You are asked to reproduce the listing exactly and to omit its pictures.

^^^^^^^^

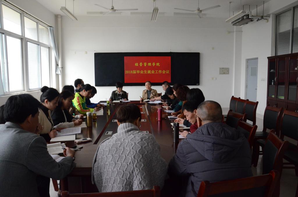 近期,经营管理学院召开了2018届毕业生就业工作推进会,经营管理学院主要负责同志及全体18届毕业班级班主任出席参加了此次会议。
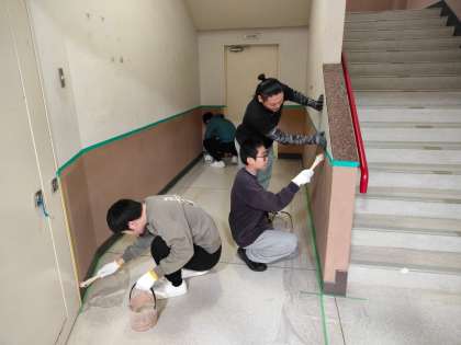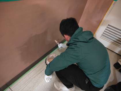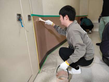 夕陽丘中学ではペンキ塗りの体験をしていました。指示を聞きながら綺麗に塗れるように頑張りました。
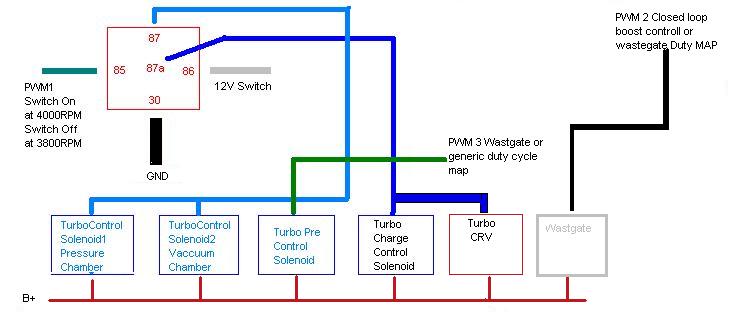 He's talking about the pre control, I since altered the original design so that all 4 turbo control channels are controlled of a single channel or a single solenoid (no half NO and half NC) its just a matter of changing how the hoses are hooked up.
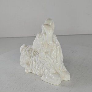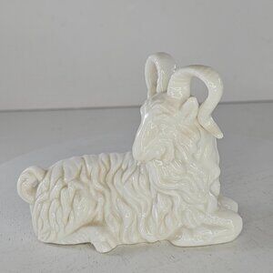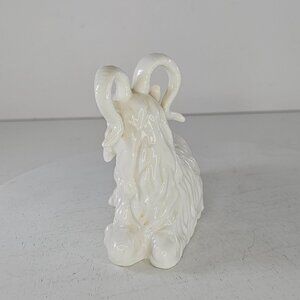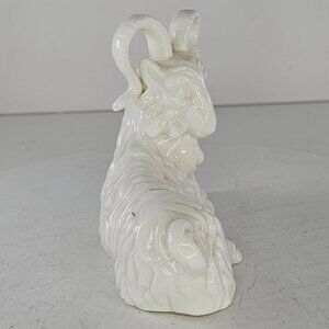 Vintage Ceramic Ram Figurine White Bighorn Sheep Goat Curved Horns *Chip*
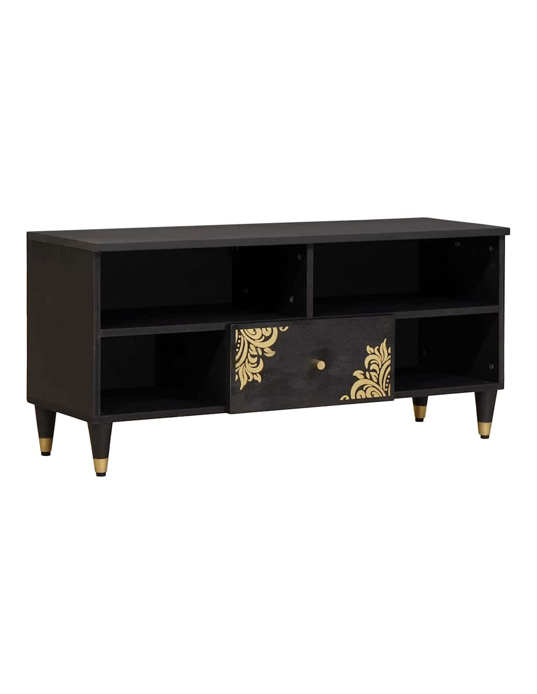 Questo armadietto per TV abbraccia un design moderno e offre pratico spazio per riporre le cose, rendendolo un'ottima scelta per il tuo soggiorno. Semplice e funzionale, è fatto in legno massello di mango, con accenti in ottone di classe. La sua forma elegante lo rende snello, e la grande capacità di stoccaggio assicura che i tuoi accessori siano sempre in ordine e facili da raggiungere.
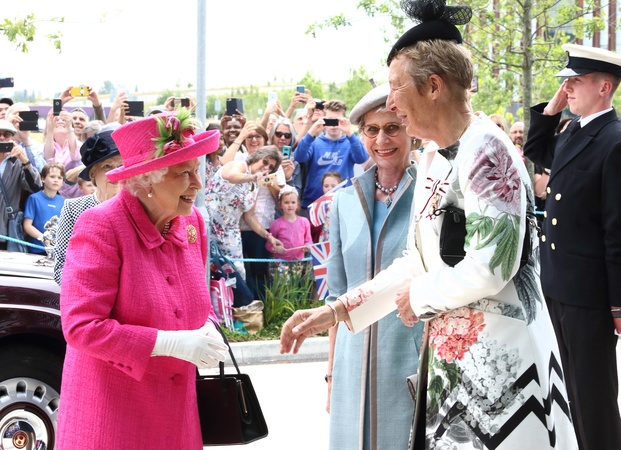 Krolowa Elzbieta II na rozowo w National Institute of Agricultural Botany
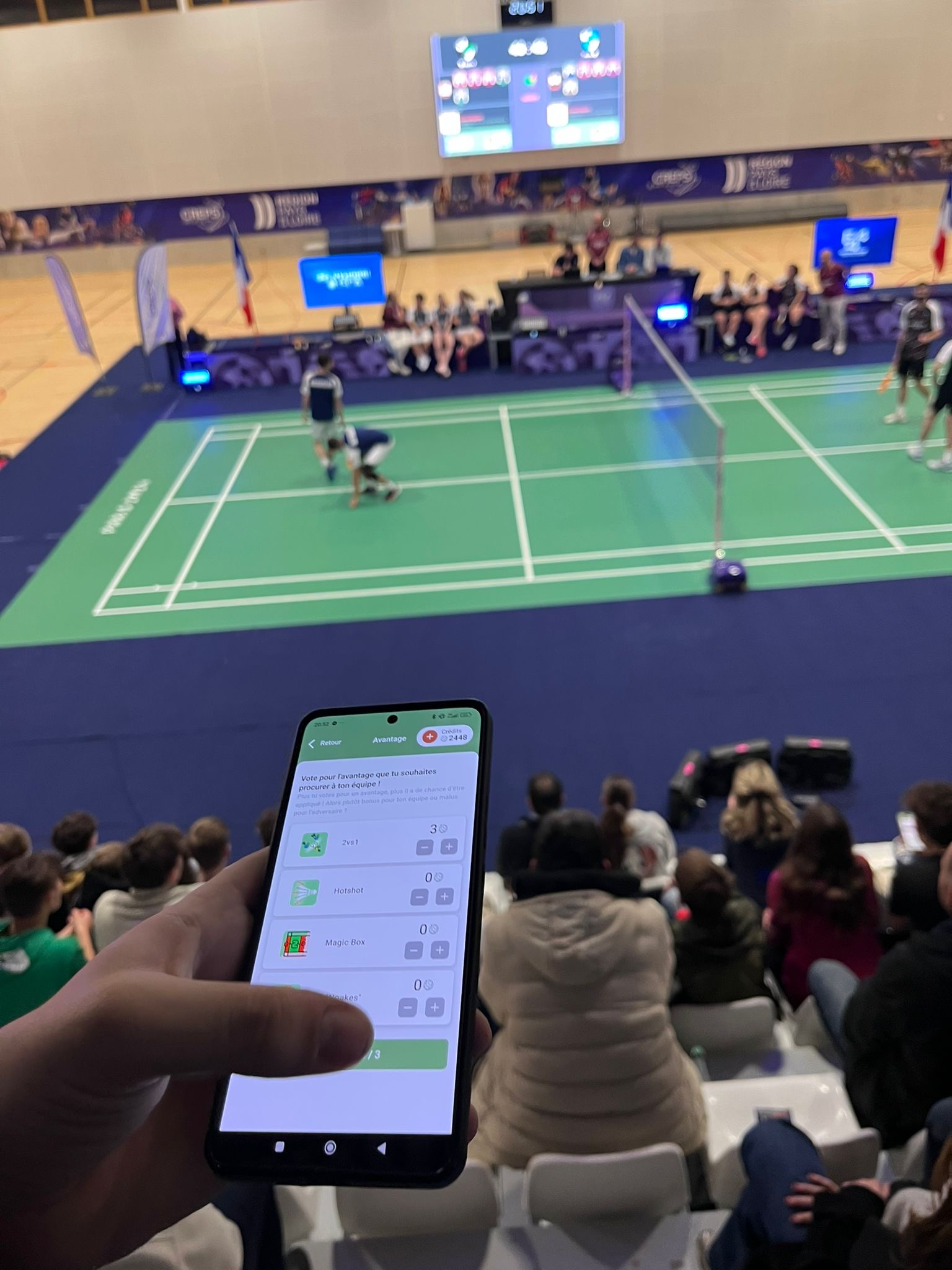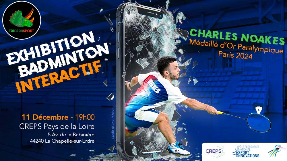 Soirée d’exhibition de badminton interactif Tricerasport en présence de Charles Noakes (médaillé d’or Paris 2024) au CREPS Pays de la Loire à Nantes.
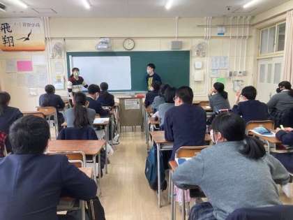 担当の先生への質問コーナーがつくられ、和やかな雰囲気で様々な質問が生徒からありました。大きな声では言えない質問もあったみたいで、答えに窮する場面も多々あったみたいです。
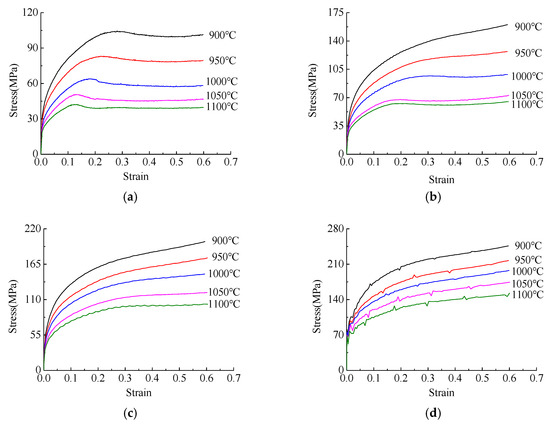 The specific process flow chart is shown in Figure 2. The compression tests are implemented on a Gleeble-3800 thermal simulation machine at different deformation temperatures of 900, 950, 1000, 1050 and 1100 °C, with strain rates of 0.01, 0.1, 1.0 and 10 s−1. The specimen size is 10 mm in diameter and 15 mm in height. Each surface of the specimen is covered with the tantalum foil to minimize friction. The specimens are initially heated to the deformation temperature and then held for 5 min to homogenize the temperature. The true strain reached to 0.6. After the compression test, the compressed specimen is quickly quenched into cold water to keep the microstructure. The quenched specimens are sliced along the axial section, and then polished and etched with a saturation picric for the observation of austenite grain boundaries. Based on the isothermal compression tests, the true stress–strain curves of Q345 steel are plotted, as shown in Figure 3 [21,22]. The deformation behavior of Q345 steel is coincident with the typical rules of low-carbon steel.
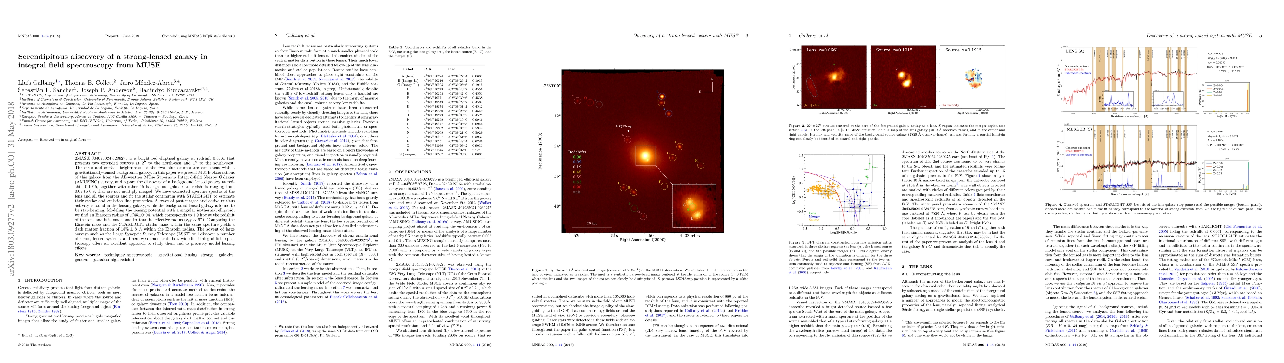 This paper reports the serendipitous discovery of a strong-lensed galaxy using MUSE integral field spectroscopy, revealing a background galaxy at redshift 0.1915 lensed by a foreground elliptical galaxy. The study estimates the Einstein radius and dark matter fraction, highlighting the potential of wide-field integral field spectroscopy for future large-scale surveys.
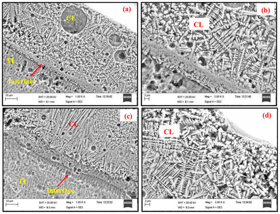 Cross-sectional morphology of 100% HA and functionally graded material (FGM) laser cladding at laser energy density (LED) 21.6 J/mm2 (a,c) interface between the crust layer (CL) and the transition layer (TL) (low magnification) and (b,d) CL (high magnification) [90]. The top layer of cladding is identified as CL. Beneath the CL, the TL is present, where transition of elements between cladding and substrate occurs. Reprinted with permission from reference [90] 2018 Elsevier.
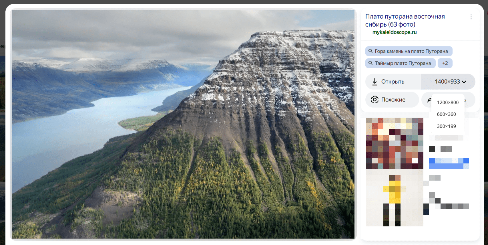 В результатах поиска нажмите на картинку, чтобы развернуть ее. Если не установлен фильтр по размерам, по умолчанию показан самый большой размер. В выпадающем списке справа от раскрытой картинки находятся ссылки на копии изображения в других размерах. Верхняя копия — всегда самая большая. Перейдите по ссылке с нужным размером.
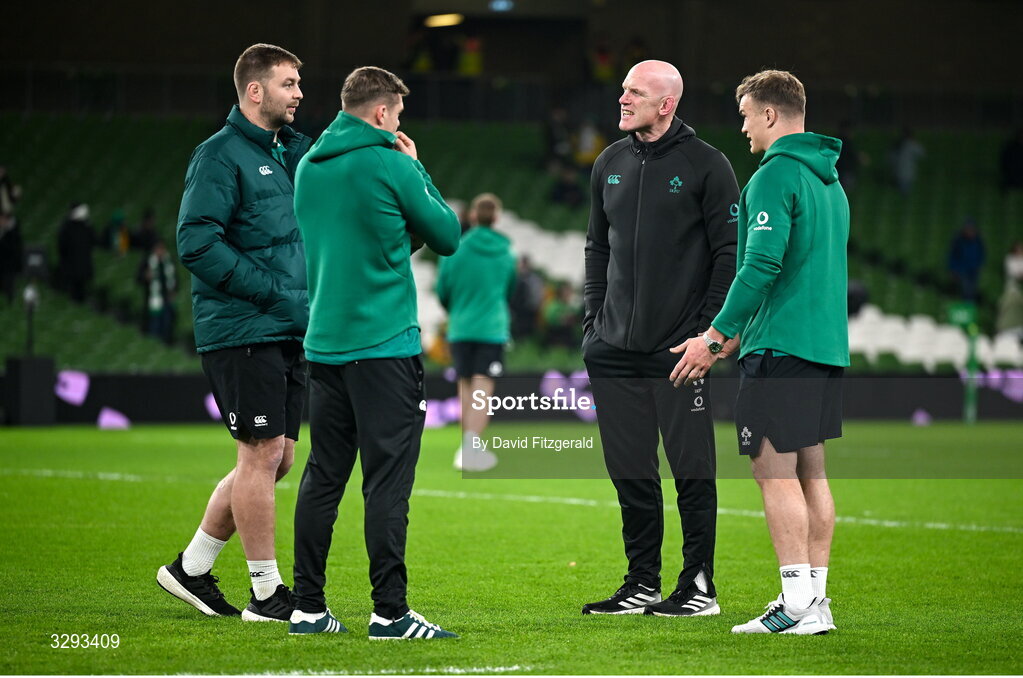 15 November 2025; Ireland forwards coach Paul O'Connell with Ireland players, from left, Iain Henderson, Garry Ringrose and Josh van der Flier before the Quilter Nations Series 2025 match between Ireland and Australia at the Aviva Stadium in Dublin. Photo by David Fitzgerald/Sportsfile

^^^^^^^^

TASK SOLUTION:
 近期,经营管理学院召开了2018届毕业生就业工作推进会,经营管理学院主要负责同志及全体18届毕业班级班主任出席参加了此次会议。
 夕陽丘中学ではペンキ塗りの体験をしていました。指示を聞きながら綺麗に塗れるように頑張りました。
 He's talking about the pre control, I since altered the original design so that all 4 turbo control channels are controlled of a single channel or a single solenoid (no half NO and half NC) its just a matter of changing how the hoses are hooked up.
 Vintage Ceramic Ram Figurine White Bighorn Sheep Goat Curved Horns *Chip*
 Questo armadietto per TV abbraccia un design moderno e offre pratico spazio per riporre le cose, rendendolo un'ottima scelta per il tuo soggiorno. Semplice e funzionale, è fatto in legno massello di mango, con accenti in ottone di classe. La sua forma elegante lo rende snello, e la grande capacità di stoccaggio assicura che i tuoi accessori siano sempre in ordine e facili da raggiungere.
 Krolowa Elzbieta II na rozowo w National Institute of Agricultural Botany
 Soirée d’exhibition de badminton interactif Tricerasport en présence de Charles Noakes (médaillé d’or Paris 2024) au CREPS Pays de la Loire à Nantes.
 担当の先生への質問コーナーがつくられ、和やかな雰囲気で様々な質問が生徒からありました。大きな声では言えない質問もあったみたいで、答えに窮する場面も多々あったみたいです。
 The specific process flow chart is shown in Figure 2. The compression tests are implemented on a Gleeble-3800 thermal simulation machine at different deformation temperatures of 900, 950, 1000, 1050 and 1100 °C, with strain rates of 0.01, 0.1, 1.0 and 10 s−1. The specimen size is 10 mm in diameter and 15 mm in height. Each surface of the specimen is covered with the tantalum foil to minimize friction. The specimens are initially heated to the deformation temperature and then held for 5 min to homogenize the temperature. The true strain reached to 0.6. After the compression test, the compressed specimen is quickly quenched into cold water to keep the microstructure. The quenched specimens are sliced along the axial section, and then polished and etched with a saturation picric for the observation of austenite grain boundaries. Based on the isothermal compression tests, the true stress–strain curves of Q345 steel are plotted, as shown in Figure 3 [21,22]. The deformation behavior of Q345 steel is coincident with the typical rules of low-carbon steel.
 This paper reports the serendipitous discovery of a strong-lensed galaxy using MUSE integral field spectroscopy, revealing a background galaxy at redshift 0.1915 lensed by a foreground elliptical galaxy. The study estimates the Einstein radius and dark matter fraction, highlighting the potential of wide-field integral field spectroscopy for future large-scale surveys.
 Cross-sectional morphology of 100% HA and functionally graded material (FGM) laser cladding at laser energy density (LED) 21.6 J/mm2 (a,c) interface between the crust layer (CL) and the transition layer (TL) (low magnification) and (b,d) CL (high magnification) [90]. The top layer of cladding is identified as CL. Beneath the CL, the TL is present, where transition of elements between cladding and substrate occurs. Reprinted with permission from reference [90] 2018 Elsevier.
 В результатах поиска нажмите на картинку, чтобы развернуть ее. Если не установлен фильтр по размерам, по умолчанию показан самый большой размер. В выпадающем списке справа от раскрытой картинки находятся ссылки на копии изображения в других размерах. Верхняя копия — всегда самая большая. Перейдите по ссылке с нужным размером.
 15 November 2025; Ireland forwards coach Paul O'Connell with Ireland players, from left, Iain Henderson, Garry Ringrose and Josh van der Flier before the Quilter Nations Series 2025 match between Ireland and Australia at the Aviva Stadium in Dublin. Photo by David Fitzgerald/Sportsfile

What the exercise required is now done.